Resolving repo_commit automatically

The resolveRepoCommit() helper resolves the current repo commit using a three-step fallback chain:

  1. Environment variable (default: AEP_REPO_COMMIT)
  2. git rev-parse HEAD in the working directory
  3. package.json version (prefixed with v)
import { AEPEmitter, resolveRepoCommit } from "@wasmagent/aep";

const emitter = new AEPEmitter({
  run_id: "run-001",
  repo_commit: resolveRepoCommit(),
});

Customise the env var name or working directory:

resolveRepoCommit({
  envVar: "GIT_COMMIT",          // default: "AEP_REPO_COMMIT"
  cwd: "/app",                   // default: process.cwd()
  fallbackToVersion: false,      // default: true
});

Documentation

Recording Modes

Each ActionEvidence entry carries a recording_mode field that controls how much content is captured:

| Mode | Meaning | When to use | |---|---|---| | validation | Digests only — hash of inputs/outputs, no raw content. Minimal storage, sufficient for tamper detection. | Default. Read-only actions with no anomaly signals. | | delta | Captures a diff/patch relative to a prior state referenced by delta_ref. | Local mutations (file edits, DB updates) where full snapshots are wasteful. | | full | Captures complete input and output content alongside digests. | High-risk actions: external mutations, network egress, tainted inputs, consent anomalies, unknown side-effects. |

The mode defaults to "validation" for backwards compatibility with v0.2 records that omit the field.

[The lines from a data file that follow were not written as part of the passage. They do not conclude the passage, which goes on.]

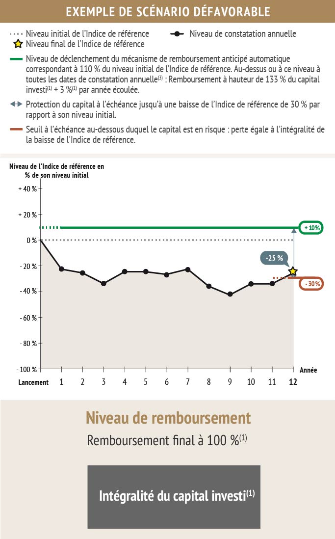 L’attention des souscripteurs est notamment attirée sur le fait qu’en acquérant les Titres de créance, ils prennent un risque de crédit sur l’Émetteur et sur le Garant de la formule, un risque de marché ainsi qu’un risque lié à la liquidité du Titre de créance. En cas d’incohérence entre cette communication à caractère promotionnel et la documentation juridique des Titres de créance, cette dernière prévaudra.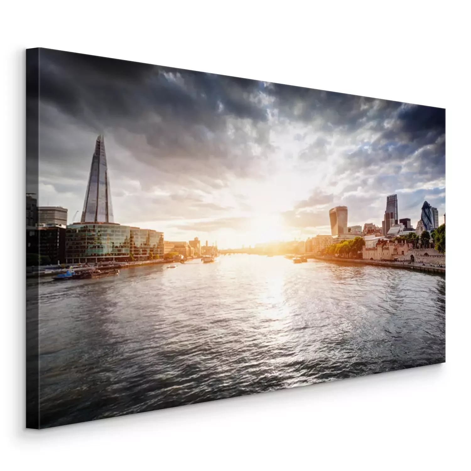 Canvas: De horizon van Londen bij zonsondergang, Engeland het Verenigd Koninkrijk. Rivier de Theems, de Shard, City Hall.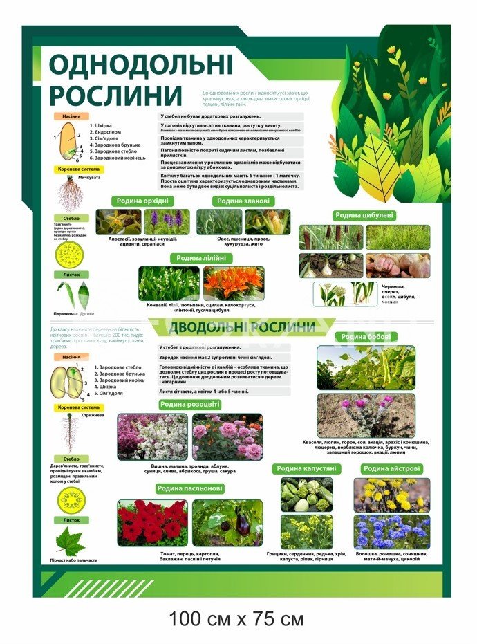 Замовляйте стенд "Однодольні та дводольні рослини" прямо зараз! Це інвестиція в якісну освіту ваших учнів.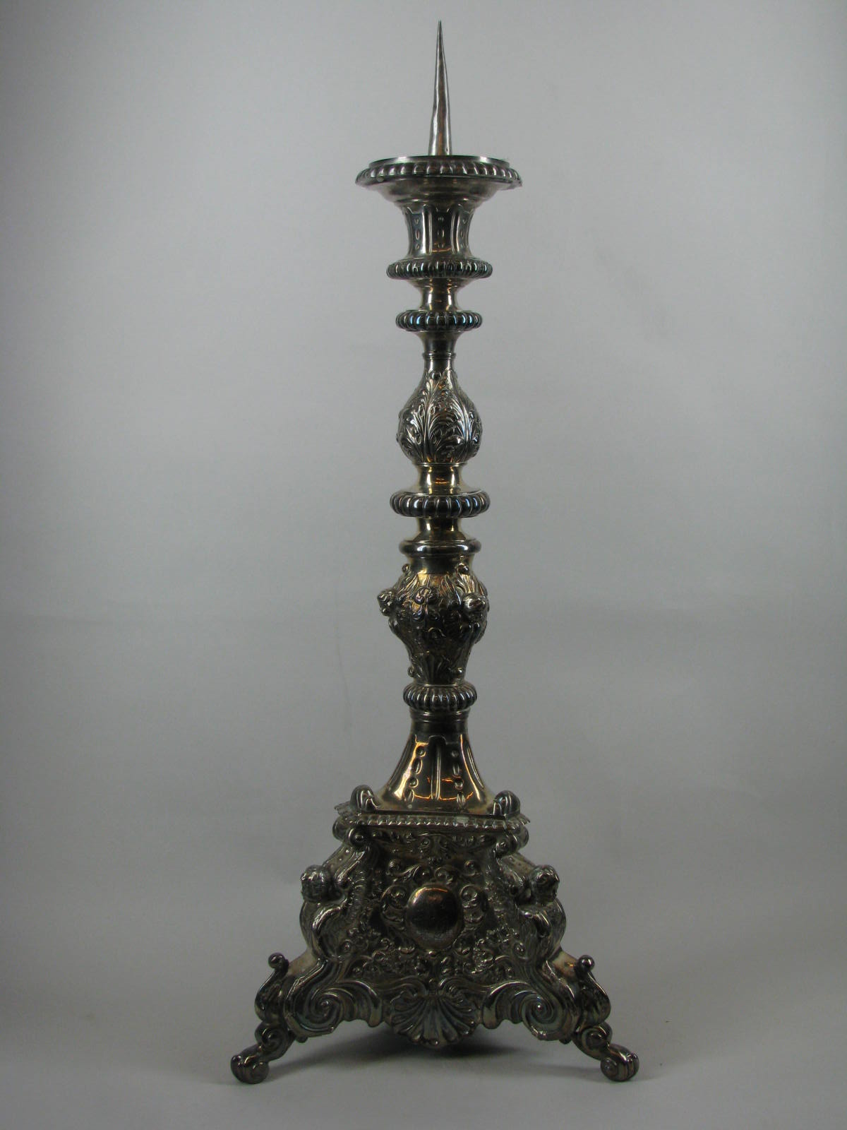Kandelaar met driezijdige voet op voluutpootjes met ...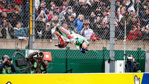 Johann Zarco második királykategóriás győzelme volt ez, esőben, a tizenhetedik helyről rajtolva, hazai pályán, hazai közönség előtt. Csodálatos. Természetesen a védjegyévé vált hátraszaltó, és az érzelmes pillanatok se maradtak ki.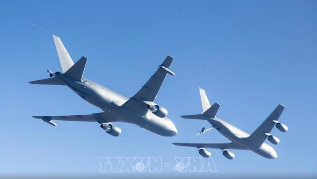 Phi cơ tiếp liêu KC-46 (trái) của Không Lực Hoa Kỳ (Minh họa)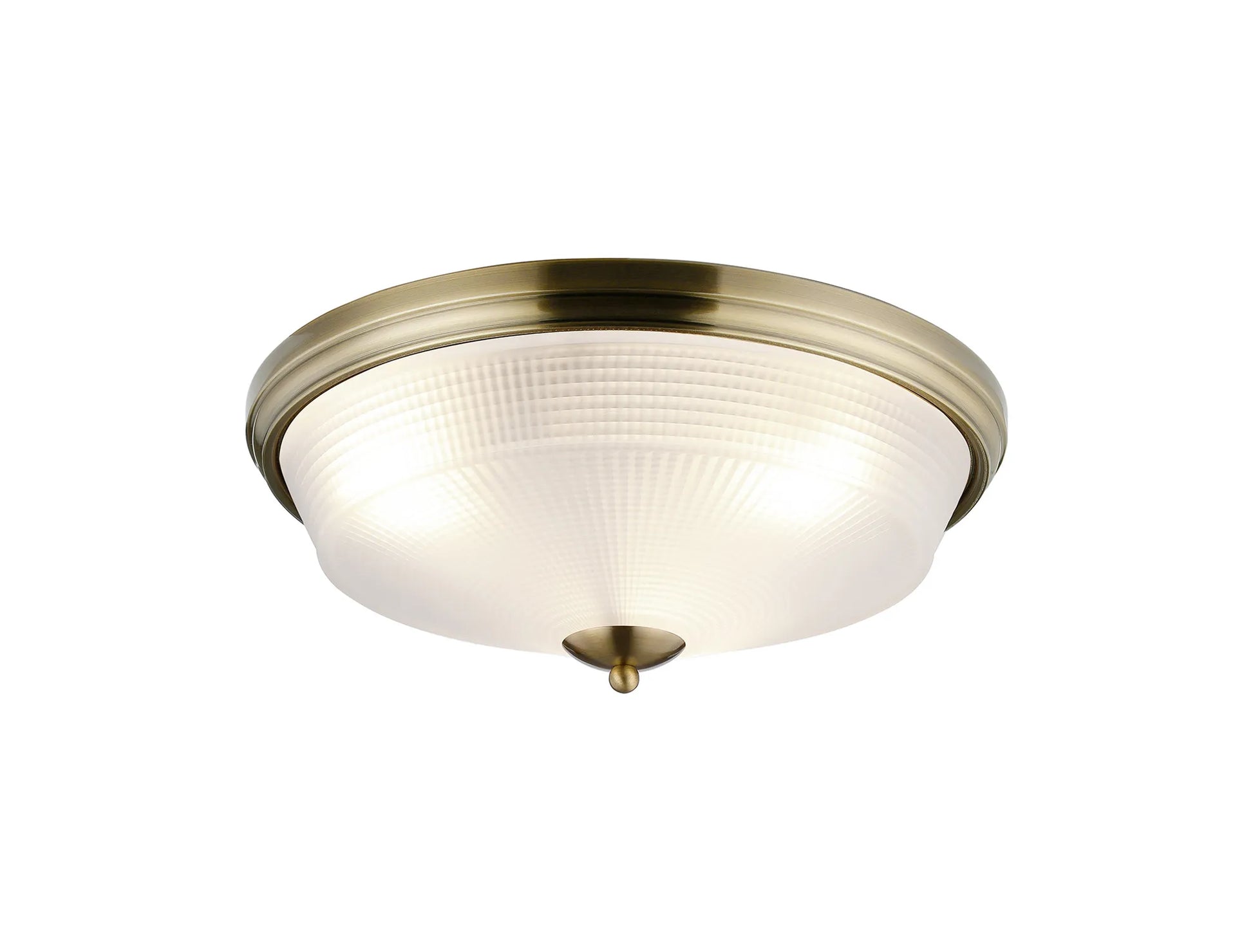 Cleron 2 Light E27 Flush Ceiling Light, Antique Brass, Satin Nickel, Polished Nickel / Prismatic Glass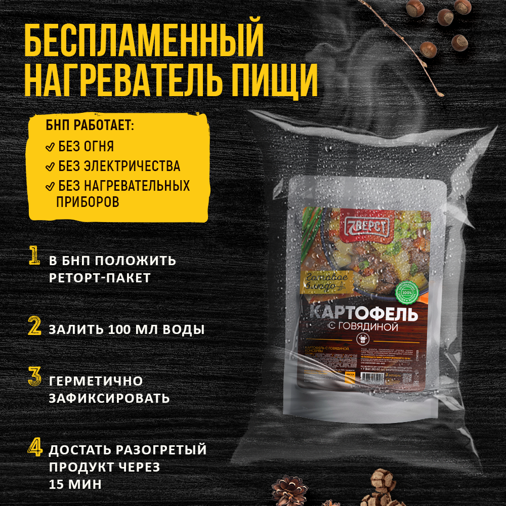 7 вёрст Картофель с говядиной. Готовое консервированное блюдо в реторт-пакете. Консерва в фольге 1 уп.300 г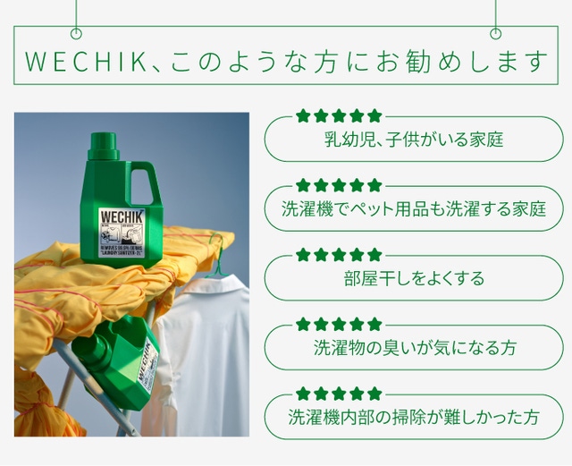 A. WECHIKは洗濯機に入れて使用する洗剤で、洗濯コースを進める際に水と十分なすすぎの過程を経るため、洗濯後に除菌成分による刺激の心配から自由です。

Setting the recording mode

// Emitter-level default (applies to all actions unless overridden)
const emitter = new AEPEmitter({ run_id: "run-001", recordingMode: "full" });

// Per-action override
emitter.addAction({
  tool_name: "patch_file",
  state_changing: true,
  recording_mode: "delta",
  delta_ref: "sha256:previous-state-digest",
});

The delta_ref field is only meaningful when recording_mode is "delta" — it references the prior state snapshot the delta is computed against.

v0.3 Schema Additions

AEP v0.3 introduces four new capabilities to the evidence schema:

Side-Effect Classification (Gap 1)

Each ActionEvidence carries a side_effect_class field that classifies the impact of the action:

| Class | Meaning | |---|---| | read | Read-only, no mutation | | mutate-local | Local state change (file edit, DB write) | | mutate-external | External system mutation (deploy, API call) | | network-egress | Outbound network traffic | | unknown | Not yet classified (default) |

The top-level AEPRecord also carries run_side_effect_class_max — the highest severity class across all actions in the run, computed automatically by the emitter.

emitter.addAction({
  tool_name: "deploy",
  state_changing: true,
  side_effect_class: "mutate-external",
});

State Digest Metadata (Gap 2)

When pre_state_digest or post_state_digest is present, you can annotate it with:

  • state_digest_kind — identifies what is being digested ("git-tree", "sandbox-fs", "db-rowset", "browser-dom", "kv-snapshot", "memory-bag", "other")
  • state_digest_coverage — a free-form record describing the scope of the digest
emitter.addAction({
  tool_name: "git_commit",
  state_changing: true,
  pre_state_digest: "sha256:abc",
  post_state_digest: "sha256:def",
  state_digest_kind: "git-tree",
  state_digest_coverage: { paths: ["/src"], depth: 3 },
});

Argument Drift Detection (Gap 3)

Detects when observed tool arguments differ from approved arguments:

emitter.addAction({
  tool_name: "exec_command",
  state_changing: true,
  argument_drift: {
    detected: true,
    approved_args_digest: "sha256:approved",
    observed_args_digest: "sha256:observed",
    resolution: "denied",
  },
});

Approval Mode and Extensions (Gap 4)

CapabilityDecision now carries approval semantics:

  • approval_mode — how the decision was reached ("one-shot-payload", "bounded-lease", "policy-allow-with-receipt", "policy-deny-with-evidence", "re-approval-on-drift", "none")
  • approval_extension — namespace-scoped extension evidence
  • deny_reason_class — why a deny occurred ("tool-identity", "argument", "tainted-input", "resource-scope", "missing-delegation", "policy-rule", "other")
emitter.addCapabilityDecision({
  capability: "fs:write",
  subject: "agent",
  resource: "/tmp/out.txt",
  decision: "deny",
  approval_mode: "policy-deny-with-evidence",
  deny_reason_class: "resource-scope",
});

Signature contract v0.2

Every AEPRecord emitted via AEPEmitter.emit() carries a mandatory signature block:

signature: {
  alg: "ed25519",   // always "ed25519" in v0.2
  key_id: string,   // stable identifier for the signing key (e.g. "local-dev-key-01")
  sig: string,      // base64-encoded 64-byte Ed25519 signature
}

What is signed

The signature covers the canonical serialisation of the record minus the signature field itself. Canonical serialisation sorts JSON object keys lexicographically (recursive) and UTF-8-encodes the result. This means any field mutation (including run_id, created_at_ms, actions, etc.) invalidates the signature.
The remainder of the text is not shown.